Parallel Algorithms for Computing and Applications of the Dense Canonical Polyadic Decomposition
Author | : Koby B. Hayashi |
Publisher | : |
Total Pages | : 80 |
Release | : 2018 |
ISBN-10 | : OCLC:1044768431 |
ISBN-13 | : |
Rating | : 4/5 ( Downloads) |
Download or read book Parallel Algorithms for Computing and Applications of the Dense Canonical Polyadic Decomposition written by Koby B. Hayashi and published by . This book was released on 2018 with total page 80 pages.

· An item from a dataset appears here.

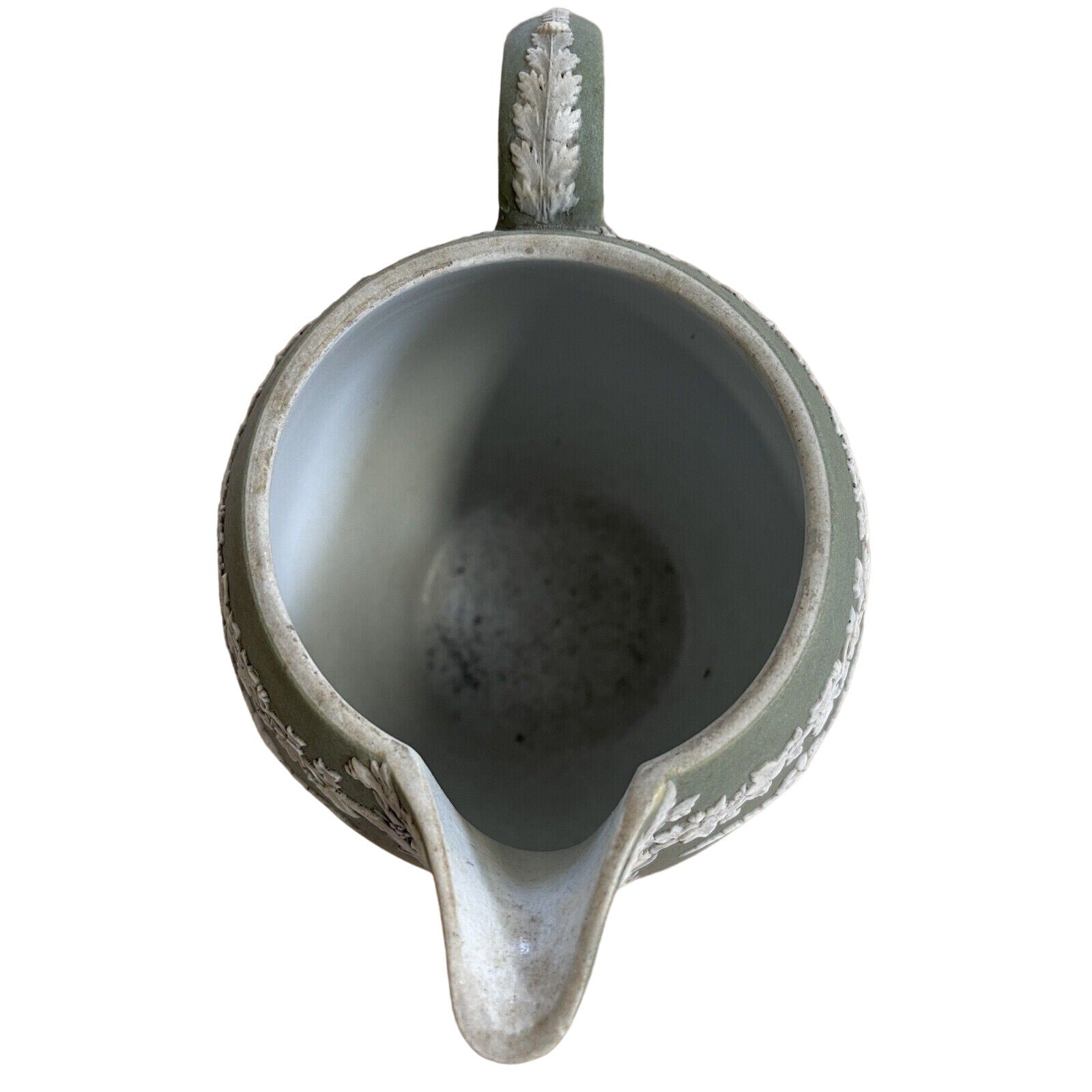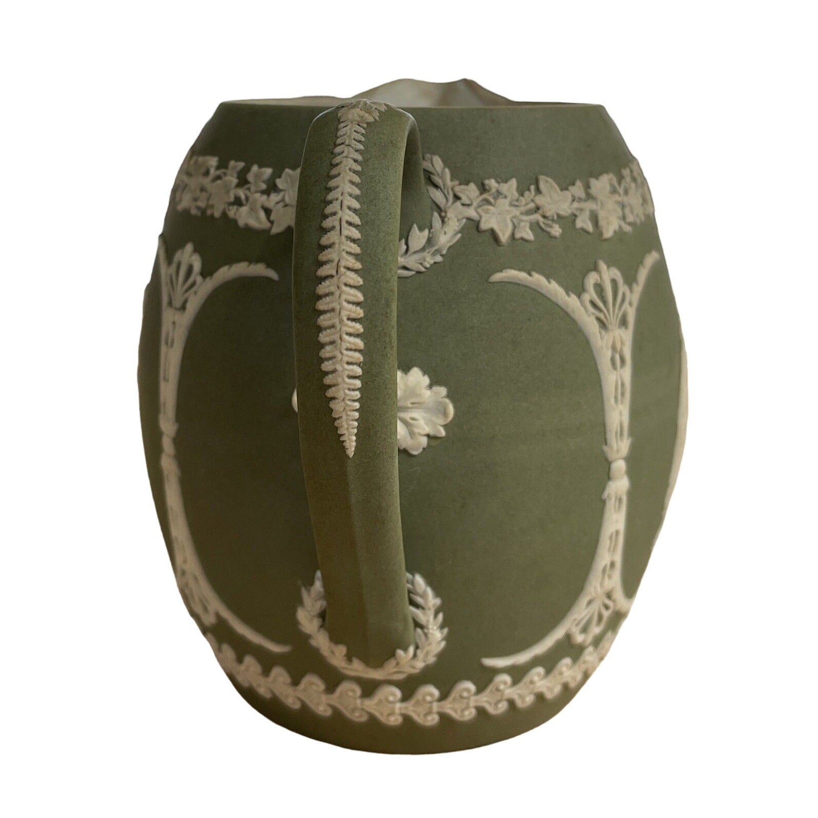 Vintage Wedgewood Neoclassical Dark Green Barrell Shaped Jasperwear Pitcher circa 1930

Available in PDF, EPUB and Kindle. Book excerpt: Tensor decompositions have gained popularity in various research communities as a means of analyzing high dimensional, complex data. Generalizations of matrix decompositions to more than 2 dimensions, tensor decompositions are useful in machine learning, chemometrics, computer vision, graph analysis, and other areas/applications. The focus of this Masters Thesis is the Canonical Polyadic or CP Decomposition for dense tensors. We discuss and present shared and distributed memory parallel algorithms for computing a CP Decomposition and explore a motivating neuroimaging application. Our implementations scale to hundreds of nodes and thousands of cores on distributed memory machines. We obtain up to 2× speed up over state of the art software, and demonstrate the CP’s utility in revealing latent pattern in data via a neuroimaging application.